Some things to note:

  • My machine is significantly slower than others in the competition.
  • I do not have enough RAM to start a RAM disk like many other competitors.

These two factors contribute to my script running much slower than the time Doug gets in his video.

Diagnostic Tools

Some tools I used:

  • Multiple sizes of measurement files
  • hyperfine
  • time (GNU tool)
  • viztracer (python profiler)

Optimization Ideas

Some ideas for optimizing this code:

  • Parallel Processing
  • String parsing improvements
  • Using PyPy
  • Faster file reading
  • Using a flamegraph to identify bottlenecks

PyPy Performance

PyPy3 has shown to improve performance in many projects, so I’ll run most of my tests using PyPy moving forward. Below are the differences in baseline time using PyPy3 versus CPython3.

Command Mean [s] Min [s] Max [s] Relative
pypy3 ./calculate_average_baseline.py ./measurements/1B_Measurements.csv 979.168 ± 3.948 976.766 983.724 1.00
python3 ./calculate_average_baseline.py ./measurements/1B_Measurements.csv 1733.957 ± 11.034 1721.578 1742.757 1.77 ± 0.01

File Reading

I initially tested different file read modes by creating three scripts that only read the file line by line without any processing.

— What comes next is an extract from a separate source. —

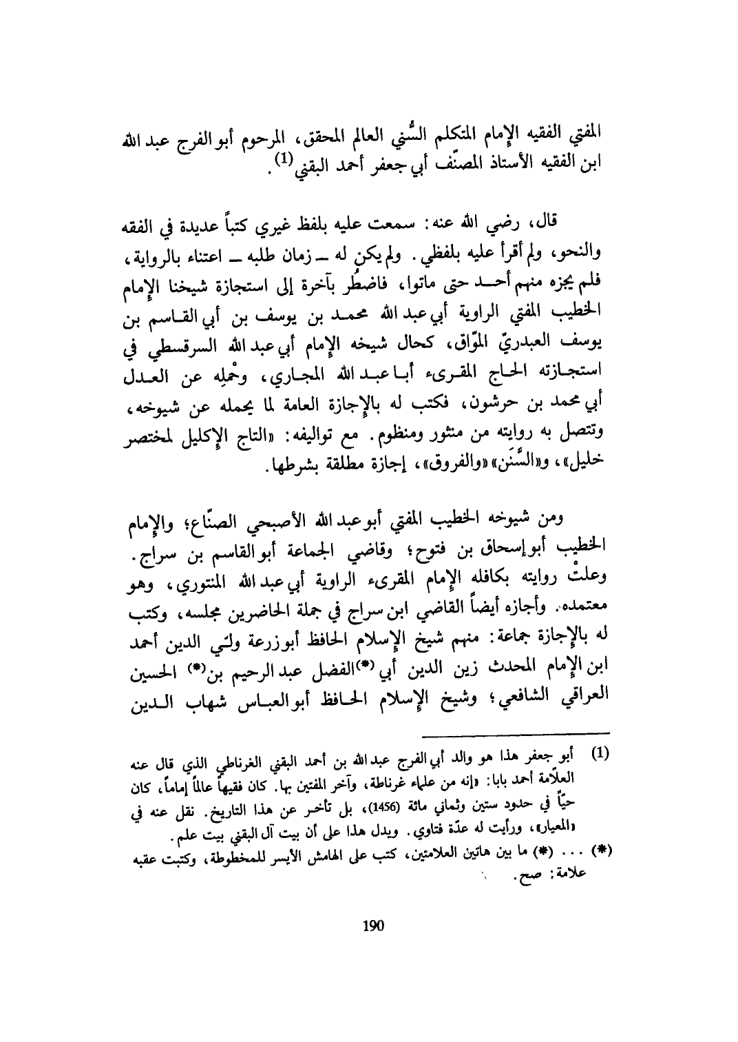 الْمُفْتِي الْفَقِيه الإِمَام الْمُتَكَلّم السّني الْعَالم الْمُحَقق المرحوم أَبُو الْفرج عبد الله ابْن الْفَقِيه الْأُسْتَاذ المُصَنّف أبي جَعْفَر أَحْمد البقني

Command Mean [s] Min [s] Max [s] Relative
pypy3 ./ca_r.py ./measurements/100M_Measurements.csv 16.624 ± 0.565 15.996 17.091 1.88 ± 0.06
pypy3 ./ca_rb.py ./measurements/100M_Measurements.csv 8.841 ± 0.024 8.817 8.864 1.00
pypy3 ./ca_r+b.py ./measurements/100M_Measurements.csv 15.350 ± 0.422 14.982 15.810 1.74 ± 0.05

Binary mode (rb) had a significant speedup, but the extra work needed to parse binary data may negate this improvement. I tested this with full script modifications.

Command Mean [s] Min [s] Max [s] Relative
pypy3 ./calculate_average_r.py ./measurements/100M_Measurements.csv 100.081 ± 0.838 99.287 100.958 1.46 ± 0.01
pypy3 ./calculate_average_rb.py ./measurements/100M_Measurements.csv 68.539 ± 0.283 68.349 68.864 1.00

For 1 billion rows:

Command Mean [s] Min [s] Max [s] Relative
pypy3 ./calculate_average_rb.py ./measurements/1B_Measurements.csv 666.263 ± 5.518 660.911 671.934 1.00

Parallel Processing

Parallel processing is expected to be the biggest improvement. I created a dispatcher function that dynamically chooses the number of cores to use unless specified.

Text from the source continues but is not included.